Mathematical programming approaches to community detection problems.

  1. F. Temprano Garcia
  2. J. Puerto Albandoz
  3. A.M. Rodríguez-Chía
  4. S. Benati
Actes de conférence:
XXXIX CONGRESO NACIONAL DE ESTADÍSTICA E INVESTIGACIÓN OPERATIVA XIII JORNADAS DE ESTADÍSTICA PÚBLICA

Éditorial: Departamento de Estadística e Investigación Operativa. Universidad de Granada

ISBN: 978-84-09-41628-8

Année de publication: 2022

Pages: 117

Type: Communication dans un congrès

Résumé

We present a general methodology using mathematical optimization to identify overlapping communities in complex networks by maximizing aspiration criteria based on extensions of the Newman and Girvan modularity function. We provide mathematical programming formulations both for a new proposed modularity function and for the extended modularity function by Zhang et al. (2007) to find optimal overlapping communities for small to medium size networks.
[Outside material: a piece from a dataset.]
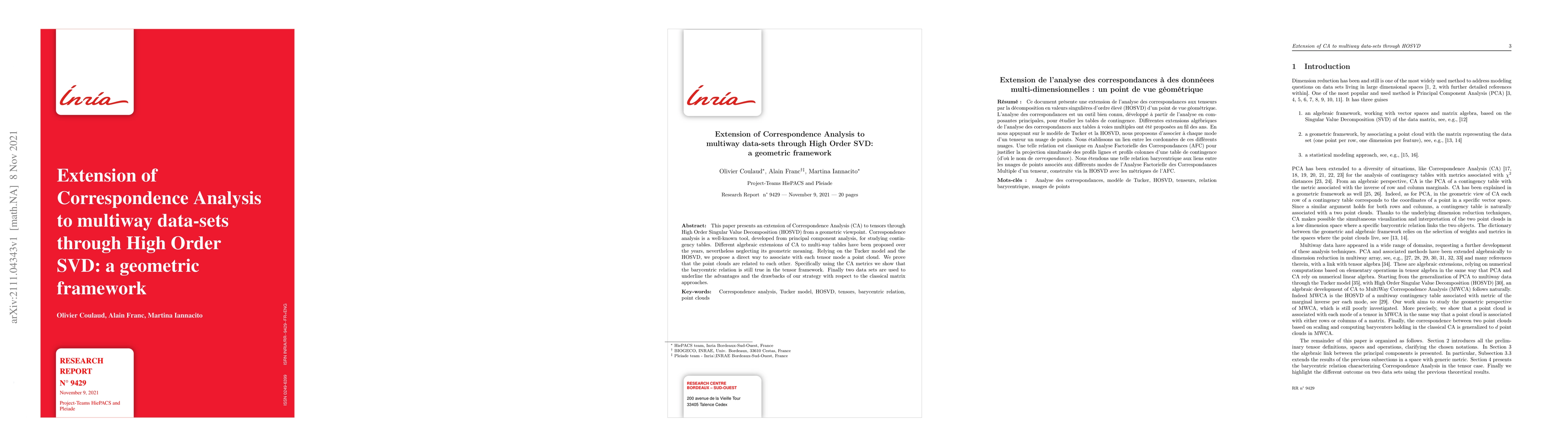 Researchers extend Correspondence Analysis to multi-way data-sets using High Order SVD from a geometric viewpoint, showing that the barycentric relation is still true in the tensor framework.

We also develop a heuristic algorithm for the new proposed modularity function valid for large networks. Experimental results indicate, on the one hand, that optimizing the extended modularity function proposed by Zhang et al. (2007) may produce senseless communities and on the other hand, our results show that the new modularity function is efficient at detecting good clusteringswith overlapping.